*** Given information ***

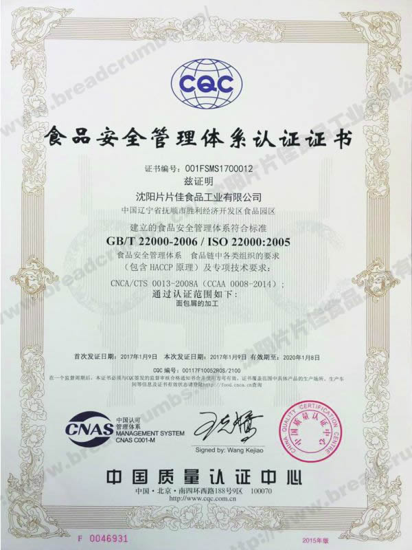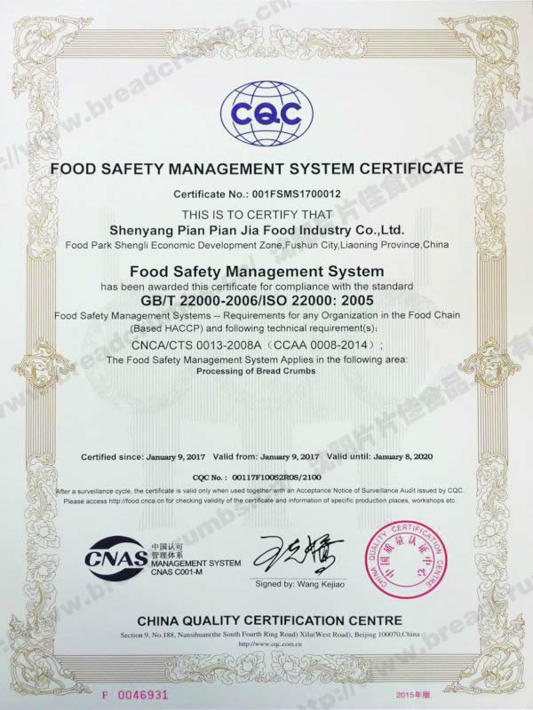 食品安全管理體系認(rèn)證證書-中文
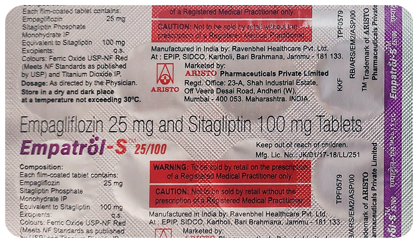 Empatrol-S 25/100 Tablet is a medicine used to treat type 2 diabetes. It lowers blood sugar by helping the kidneys remove excess sugar and by improving the body’s insulin response for better glucose control. It supports long-term diabetes management when combined with a healthy lifestyle.
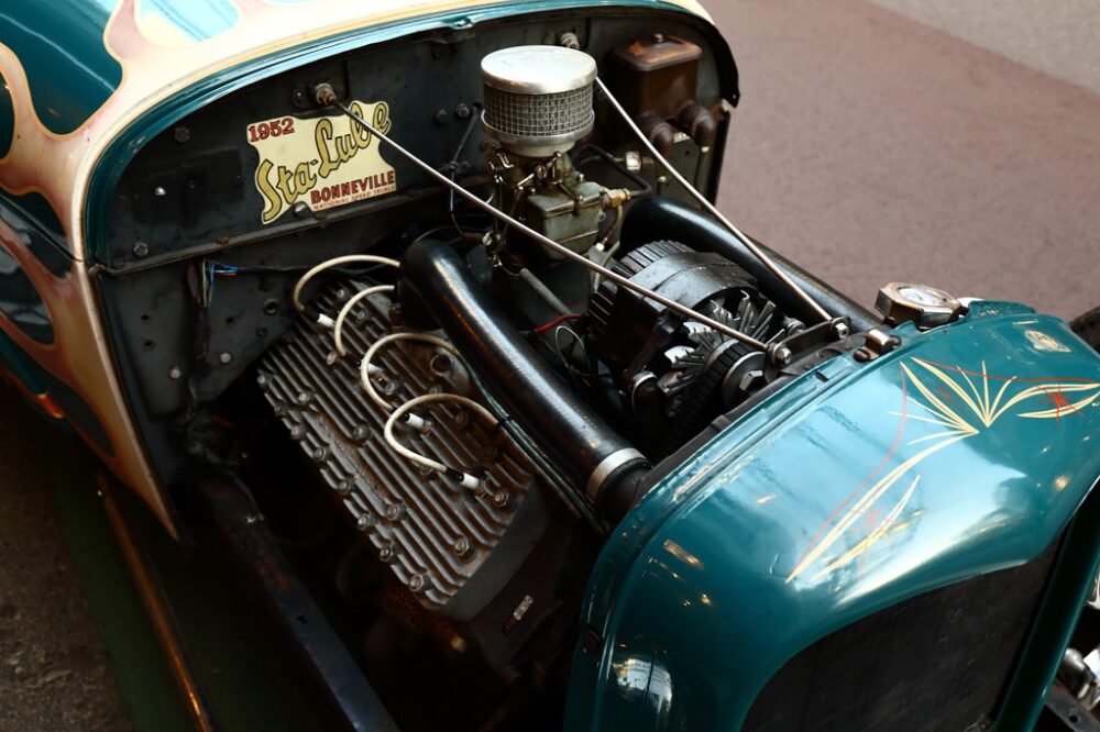 オリジナルはフラットヘッドの直列4気筒エンジン(4バンガー)だが、’50年代のFORD製フラットヘッドV8にスワップし、走りをアップデートさせている。

*** End of Given information ***

* _What is required_
Output the listing above exactly, pictures omitted.

* _Answer to the exercise_
 食品安全管理體系認(rèn)證證書-中文
 Empatrol-S 25/100 Tablet is a medicine used to treat type 2 diabetes. It lowers blood sugar by helping the kidneys remove excess sugar and by improving the body’s insulin response for better glucose control. It supports long-term diabetes management when combined with a healthy lifestyle.
 オリジナルはフラットヘッドの直列4気筒エンジン(4バンガー)だが、’50年代のFORD製フラットヘッドV8にスワップし、走りをアップデートさせている。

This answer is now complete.